1. Nitrate users: These organisms, including E. coli, play a role in the nitrogen cycle (removing nitrogen from terrestrial & aquatic environments & returning it to the atmosphere). Some microbes reduce nitrate to nitrite. Some microbes reduce nitrite further to nitrogen gas. We’ll see this in lab!
2. Sulfate users: These organisms, called sulfur reducers, play a role in the sulfur cycle. Sulfate is reduced to hydrogen sulfide gas. Sulfate reducers typically grow in marine & river mud flats, giving these environments a rotten-egg odor & turning the mud black. We’ll see this in lab!
B. Fermentation – This type of anaerobic metabolism uses no electron transport chain.
Some differences between fermentation & respiration (aerobic or anaerobic):
1. Fermentation generates fewer ATP per molecule of substrate. (ex. E. coli can produce 38 ATP/molecule of glucose by aerobic respiration, but only 3 ATP by fermentation.)
2. Because many molecules of substrate must be metabolized to supply a cell’s ATP requirements, the substrate must be in abundance in order for the microbe to grow.
3. Sugars are usually the only substrate that can be used in fermentation.

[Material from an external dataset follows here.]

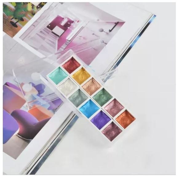 ערכת צבעי מים זוהרים ומיוחדים הכוללת 12 צבעים, המאפשרים ליצור עיצובים וגופנים ייחודיים ומרשימים.
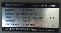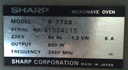 | ยี่ห้อ: | Sharp | รุ่น: | R-7720 | ||

1. Lactic Acid Fermentation – This type of fermentation is carried out by lactic acid bacteria, the microbes that cause milk to sour (used to produce yogurt & buttermilk). Muscle tissue of animals also carries out lactic acid fermentation, when deprived of oxygen (during strenuous exercise – this is what makes your muscles sore). Steps:
1. Glycolysis – Glucose is metabolized to produce 2 molecules of pyruvic acid (a little ATP & NADH is also produced).

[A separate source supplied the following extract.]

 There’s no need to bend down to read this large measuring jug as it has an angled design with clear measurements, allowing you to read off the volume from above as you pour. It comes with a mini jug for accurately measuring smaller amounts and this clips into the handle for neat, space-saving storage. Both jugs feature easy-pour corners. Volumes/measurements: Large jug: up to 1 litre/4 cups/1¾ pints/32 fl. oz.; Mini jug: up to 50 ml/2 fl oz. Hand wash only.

2. Pyruvic Acid Oxidation – pyruvic acid is oxidized to lactic acid using NADH, thus using up the reducing power stored in glycolysis.

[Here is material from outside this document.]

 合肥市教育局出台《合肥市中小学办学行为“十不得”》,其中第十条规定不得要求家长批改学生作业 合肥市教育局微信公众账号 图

Parts of the Kreb’s cycle & Pentose Phosphate pathway are used to help generate the 12 precursor metabolites; they cannot all be formed in fermentation.
2. Alcoholic Fermentation
This type of fermentation is typical of yeast, a type of fungi. In this pathway, pyruvic acid is converted to carbon dioxide and ethanol.
glucose à pyruvic acid à carbon dioxide + ethanol
V. Nutritional Classes of Microorganisms
Microbes are classified according to nutritional class, which depends on 2 factors:
1.) How it generates ATP & reducing power: chemo- (from oxidation of inorganic compounds like sulfur nitrite, ammonia, iron) or photo- (sun)
2.) The source of carbon atoms it uses to make precursor metabolites: auto- (obtain carbon from carbon dioxide) or hetero- (obtain carbon from organic compounds like carbs, proteins, lipids, etc.)
Can have combinations of all of these:
chemoautotrophs, chemoheterotrophs, photoautotrophs, photoheterotrophs.